By: Elizabeth Grace - Updated: 30 Sep 2012 | comments*Discuss
 
Children Play Games Ages Outdoor

Nurseries typically provide care for children of varying ages, so it is imperative that the owners and management staff pay special attention to matters of safety, assuring that as children play games, whether indoors or on outdoor playgrounds, they remain as safe as possible. Providing designated areas for different age groups can help, as the needs and interests of babies, toddlers and preschoolers can be quite different than those of older kids.

Safe Play Areas for Babies and Toddlers

Babies and toddlers need constant supervision because they have not yet developed the ability to discern for themselves which activities might cause them harm. They are inclined to put everything that they touch into their mouths, so areas designated for babies and toddlers should be free of small toys and those with small parts that may come loose. Tables and other furniture in baby play areas should have rounded corners, preferably cushioned to minimise injuries as babies learn to pull themselves into standing positions and take those first unsteady steps. Age appropriate playthings, designed to encourage safe exploration, should be in ample supply, with attentive caregivers close at hand to provide encouragement and assistance.

Safe Play Areas for Preschoolers and Older Children

As they get older and more capable, kids need outlets for their natural energy, but safety must still be a top priority when choosing games and activities. Responsible, adult supervision is always necessary, but older children need to be allowed a bit of autonomy in order to develop not only their physical capabilities, but also their confidence. Indoors, older kids need access to toys, books, and craft supplies designed to stimulate their imaginations whilst increasing their general knowledge and improving their fine motor skills. Preschool aged kids will need direct supervision when using scissors and some may still need to be reminded not to put objects into their mouths.

Safe Outdoor Play

Playing outdoors is not only pleasurable for most kids, but it is good for them, as well. A little fresh air and sunshine (with proper sun protection, of course) can lift kids’ moods and can even help them to sleep better. Climbing frames and all other playground equipment must be properly installed in accordance with the highest safety standards, kept in good repair, with no bolts or screws protruding, and inspected regularly to assure that they remain safe for children’s use. Grass or wood chips are no longer considered safe surfacing materials, with rubber mulch or another shock absorbing material preferred.

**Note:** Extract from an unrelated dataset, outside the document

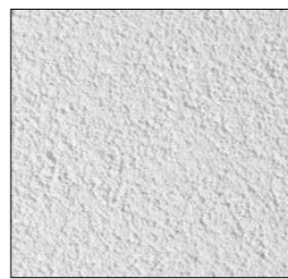
Product :- Painted Texture Sand/Cement Render on Render Board Colour:- Grey

Ideally, nurseries will have ample room to accommodate at least some outdoor play equipment for use by babies and toddlers, who can derive many of the same benefits from physical activity that their older peers enjoy. Safe baby swings and small climbing pieces are terrific choices for little ones, just so they are kept separate from those used by older, more boisterous children.

Finally, all children should be instructed on the nursery’s safety rules, and must understand that these rules are in place to protect them from harm. Kids must be taught to use playground pieces for only their intended purposes and that courteous play habits are essential for the safety of all children. Pushing, shoving, and rough play cannot be permitted, and children who refuse to cooperate with safety rules should be asked to sit away from the group for a few minutes, until they agree to interact in a safe and considerate manner.

Being Alert for Common Safety Hazards

When it comes to children’s safety, there is no substitute for careful, adult supervision. All staff members at nurseries and other child care facilities need to be on the constant lookout for items or situations that may be dangerous for children. Choking hazards, faulty furniture or equipment, and even overcrowding in play areas can all put children at risk of injury, so teachers and their helpers must be vigilant in their duties. Additionally, staff members should be trained and certified in CPR and live-saving techniques, keeping their certifications up to date. Although they’d hope to never have use for their training, it is vital that they are prepared to come to the aid of sick or injured children, should the need arise.